YOUR GOAL: There is a line containing "Лак STOMYSENS рекомендован" in the records below. Repeat it and every line after it, exactly, through the final line, but no pictures.

[Records from a dataset]
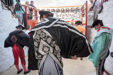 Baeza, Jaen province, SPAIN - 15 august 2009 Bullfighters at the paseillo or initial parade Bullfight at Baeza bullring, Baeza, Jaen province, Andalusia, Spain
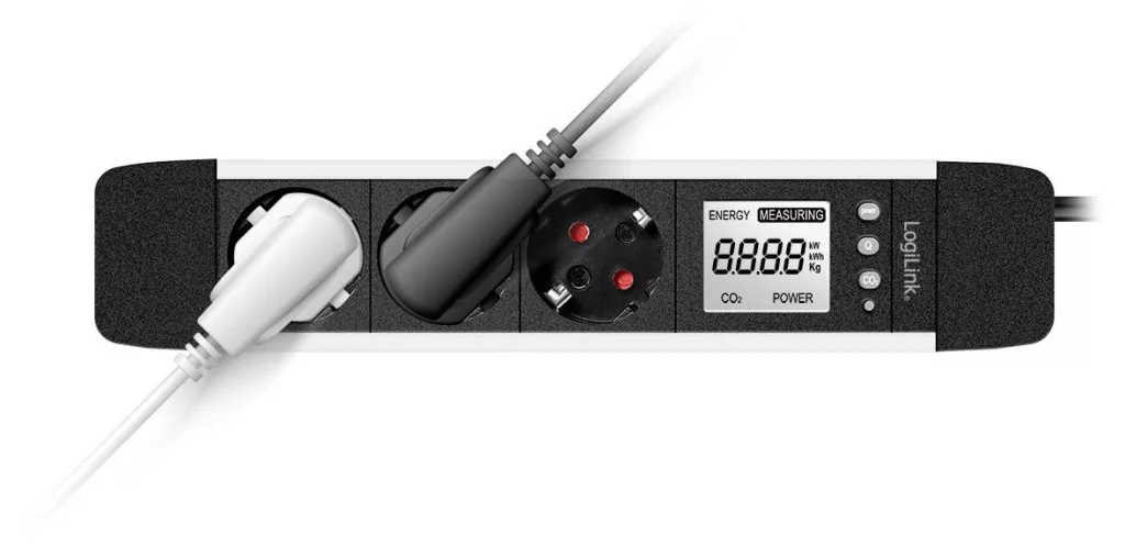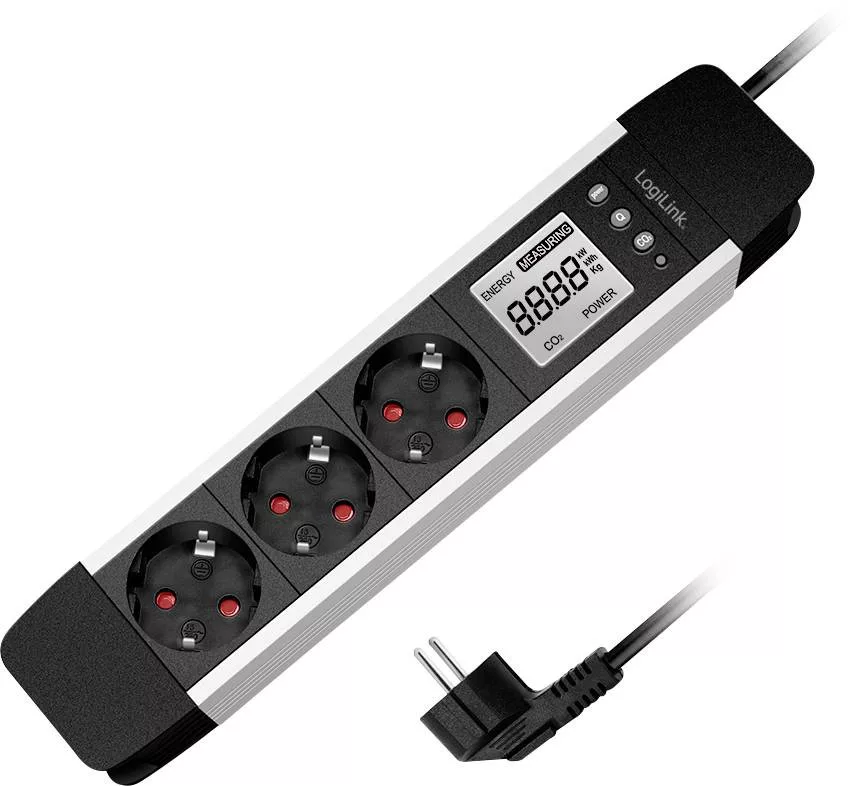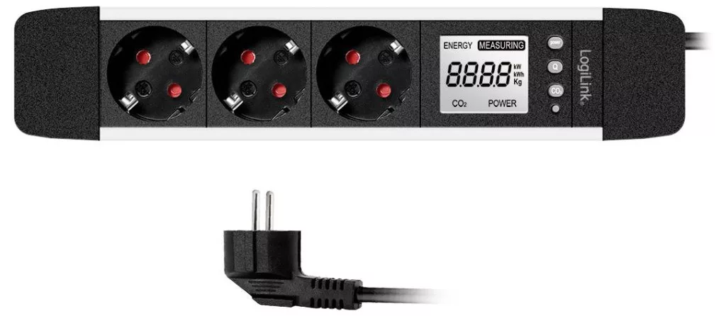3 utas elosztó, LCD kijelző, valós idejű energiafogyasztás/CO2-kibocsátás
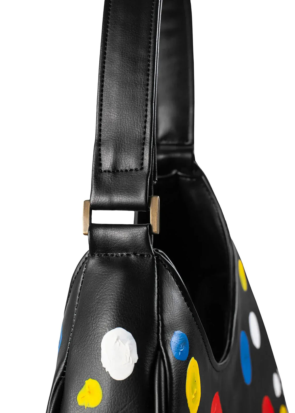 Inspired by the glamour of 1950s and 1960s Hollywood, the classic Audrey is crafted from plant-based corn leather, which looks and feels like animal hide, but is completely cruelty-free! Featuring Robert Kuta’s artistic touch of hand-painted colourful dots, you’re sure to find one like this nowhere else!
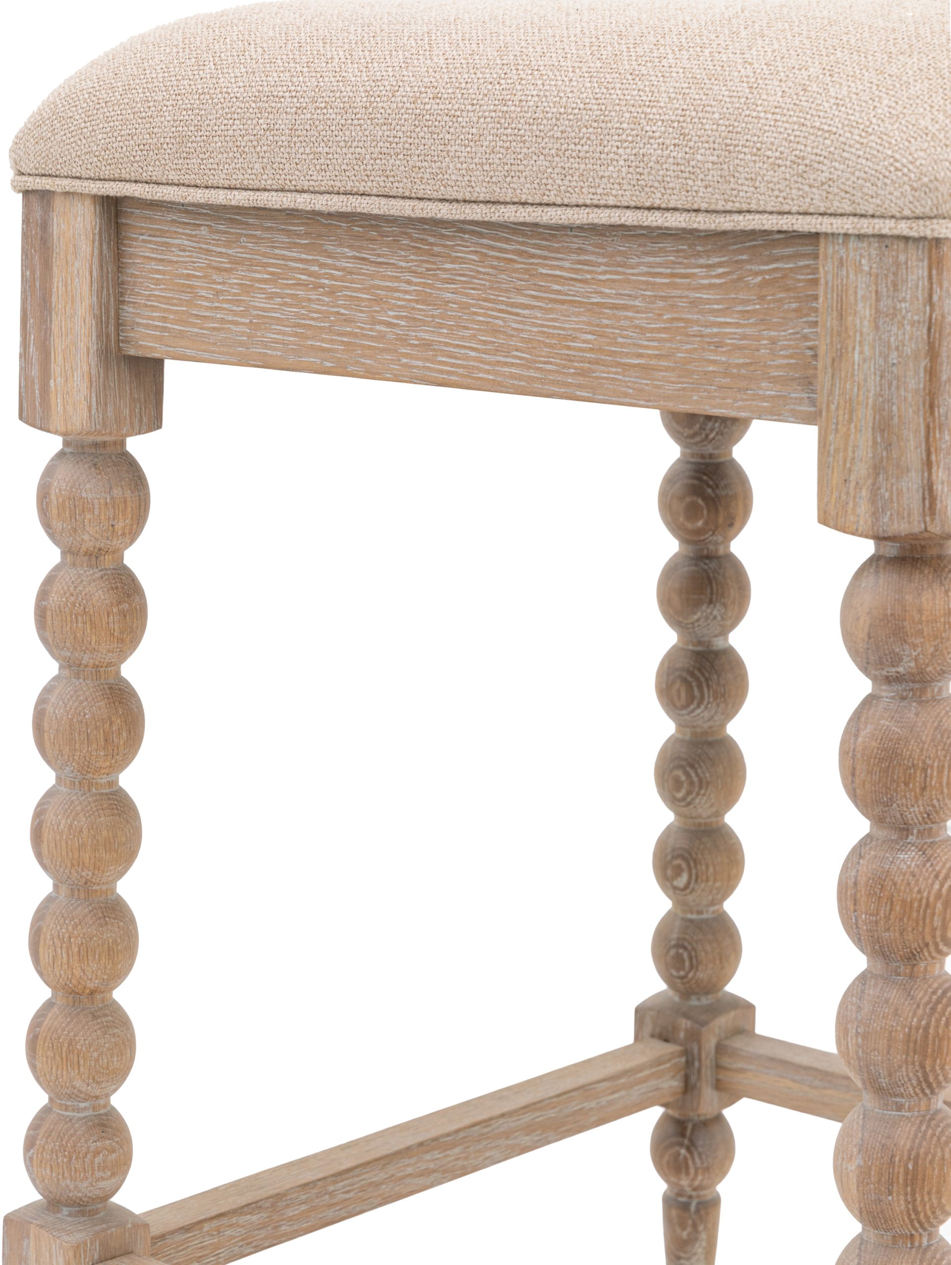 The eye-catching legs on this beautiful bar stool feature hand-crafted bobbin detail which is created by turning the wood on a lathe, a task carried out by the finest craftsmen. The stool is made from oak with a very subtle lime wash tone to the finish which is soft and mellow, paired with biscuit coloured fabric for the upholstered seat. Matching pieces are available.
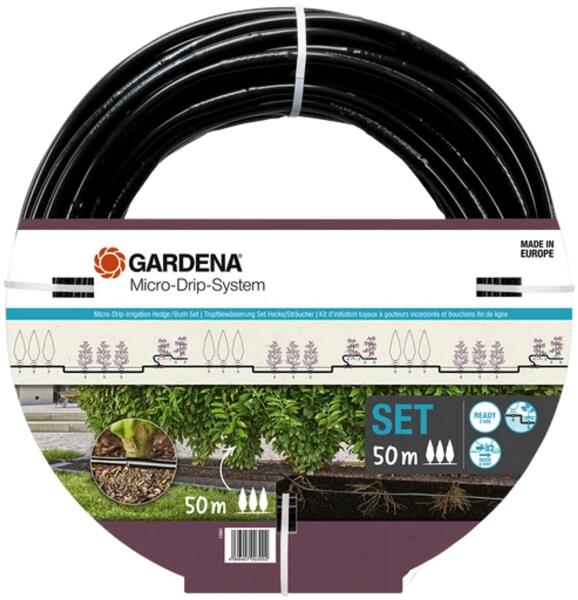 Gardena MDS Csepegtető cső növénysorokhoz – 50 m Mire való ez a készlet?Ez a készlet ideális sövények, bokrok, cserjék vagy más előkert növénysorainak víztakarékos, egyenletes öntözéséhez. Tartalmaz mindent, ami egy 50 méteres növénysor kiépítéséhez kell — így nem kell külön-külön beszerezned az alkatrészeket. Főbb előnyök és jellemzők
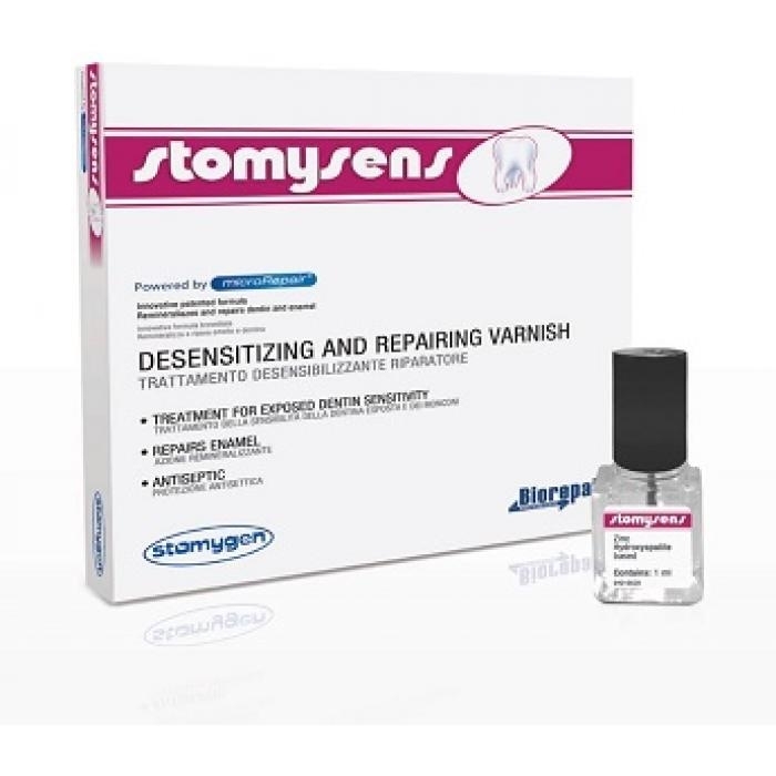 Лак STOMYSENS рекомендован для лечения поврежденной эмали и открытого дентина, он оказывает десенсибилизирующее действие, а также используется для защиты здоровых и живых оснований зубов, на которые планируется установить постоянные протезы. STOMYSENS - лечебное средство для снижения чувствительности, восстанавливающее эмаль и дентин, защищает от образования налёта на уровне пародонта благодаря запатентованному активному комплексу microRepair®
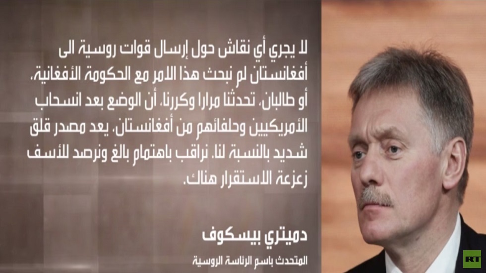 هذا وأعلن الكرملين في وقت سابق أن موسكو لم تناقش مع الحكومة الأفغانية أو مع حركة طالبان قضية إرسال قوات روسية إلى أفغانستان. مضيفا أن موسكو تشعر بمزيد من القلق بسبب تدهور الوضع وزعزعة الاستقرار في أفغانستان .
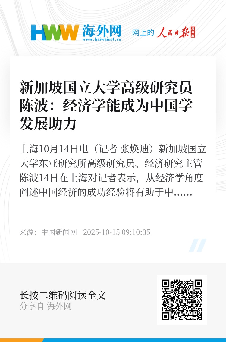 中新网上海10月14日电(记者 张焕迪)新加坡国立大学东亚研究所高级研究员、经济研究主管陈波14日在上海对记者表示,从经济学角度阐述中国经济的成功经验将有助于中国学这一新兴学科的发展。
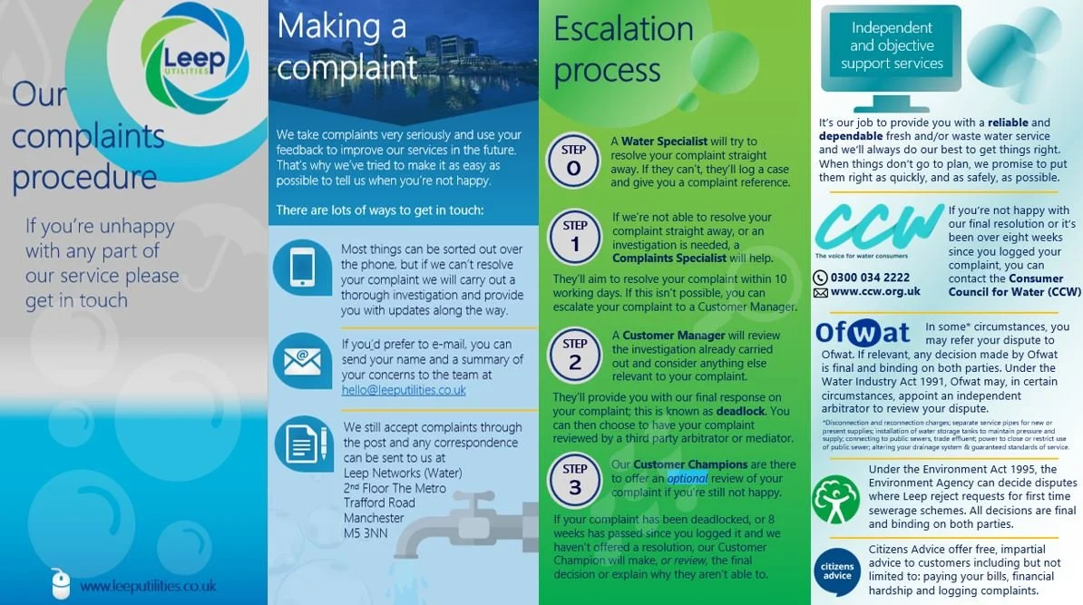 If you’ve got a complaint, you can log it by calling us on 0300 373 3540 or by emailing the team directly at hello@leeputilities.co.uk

OUTPUT:
 Лак STOMYSENS рекомендован для лечения поврежденной эмали и открытого дентина, он оказывает десенсибилизирующее действие, а также используется для защиты здоровых и живых оснований зубов, на которые планируется установить постоянные протезы. STOMYSENS - лечебное средство для снижения чувствительности, восстанавливающее эмаль и дентин, защищает от образования налёта на уровне пародонта благодаря запатентованному активному комплексу microRepair®
 هذا وأعلن الكرملين في وقت سابق أن موسكو لم تناقش مع الحكومة الأفغانية أو مع حركة طالبان قضية إرسال قوات روسية إلى أفغانستان. مضيفا أن موسكو تشعر بمزيد من القلق بسبب تدهور الوضع وزعزعة الاستقرار في أفغانستان .
 中新网上海10月14日电(记者 张焕迪)新加坡国立大学东亚研究所高级研究员、经济研究主管陈波14日在上海对记者表示,从经济学角度阐述中国经济的成功经验将有助于中国学这一新兴学科的发展。
 If you’ve got a complaint, you can log it by calling us on 0300 373 3540 or by emailing the team directly at hello@leeputilities.co.uk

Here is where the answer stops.